Collected material:
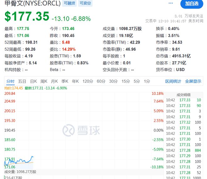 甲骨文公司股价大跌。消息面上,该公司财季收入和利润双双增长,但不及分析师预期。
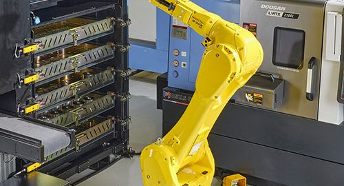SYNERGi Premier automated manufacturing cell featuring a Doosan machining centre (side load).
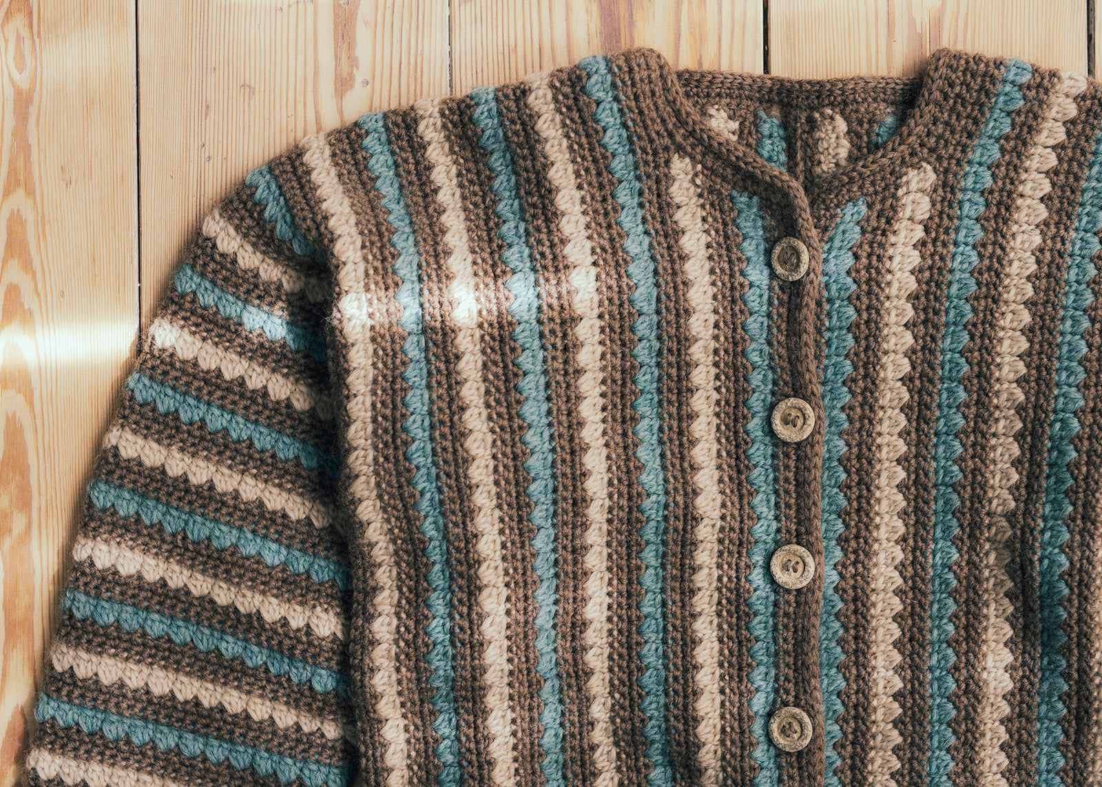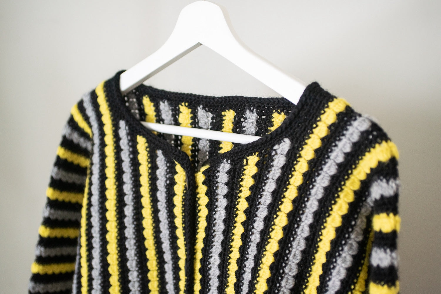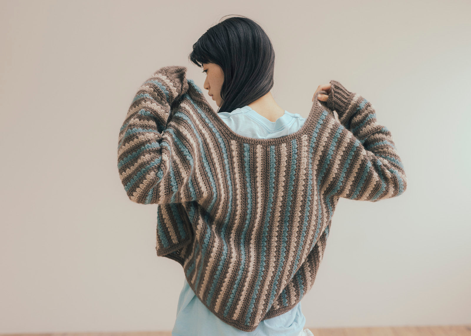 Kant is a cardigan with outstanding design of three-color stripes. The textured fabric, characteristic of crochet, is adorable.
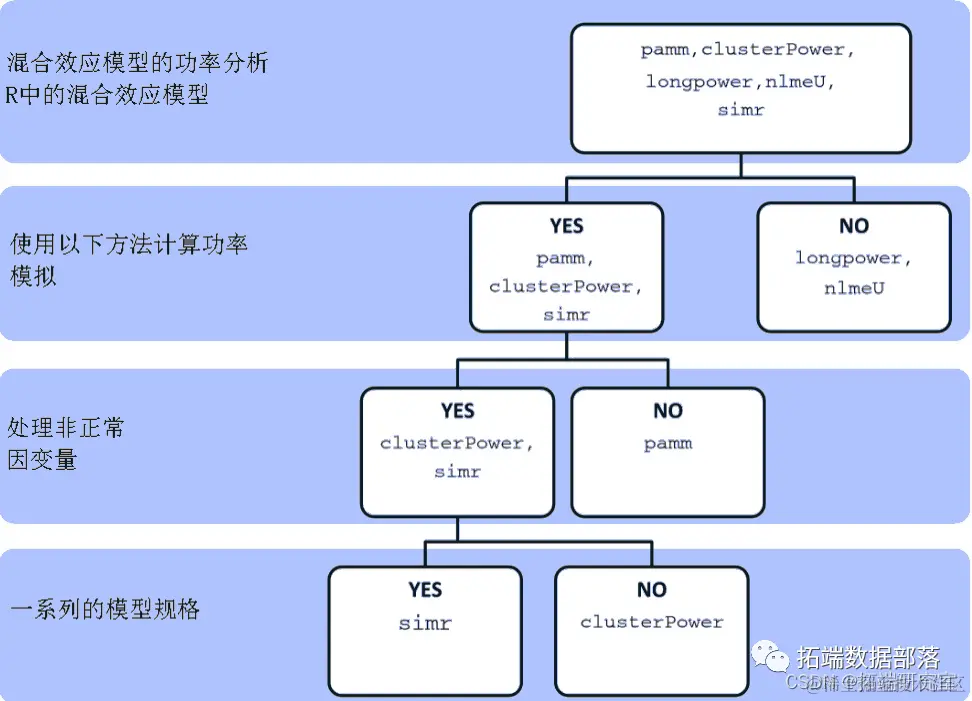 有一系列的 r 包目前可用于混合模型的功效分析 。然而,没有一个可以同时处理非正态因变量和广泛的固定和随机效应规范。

What you have to do: No pictures go in the copy. Set down all the data exactly.

Expected answer:
 甲骨文公司股价大跌。消息面上,该公司财季收入和利润双双增长,但不及分析师预期。
SYNERGi Premier automated manufacturing cell featuring a Doosan machining centre (side load).
 Kant is a cardigan with outstanding design of three-color stripes. The textured fabric, characteristic of crochet, is adorable.
 有一系列的 r 包目前可用于混合模型的功效分析 。然而,没有一个可以同时处理非正态因变量和广泛的固定和随机效应规范。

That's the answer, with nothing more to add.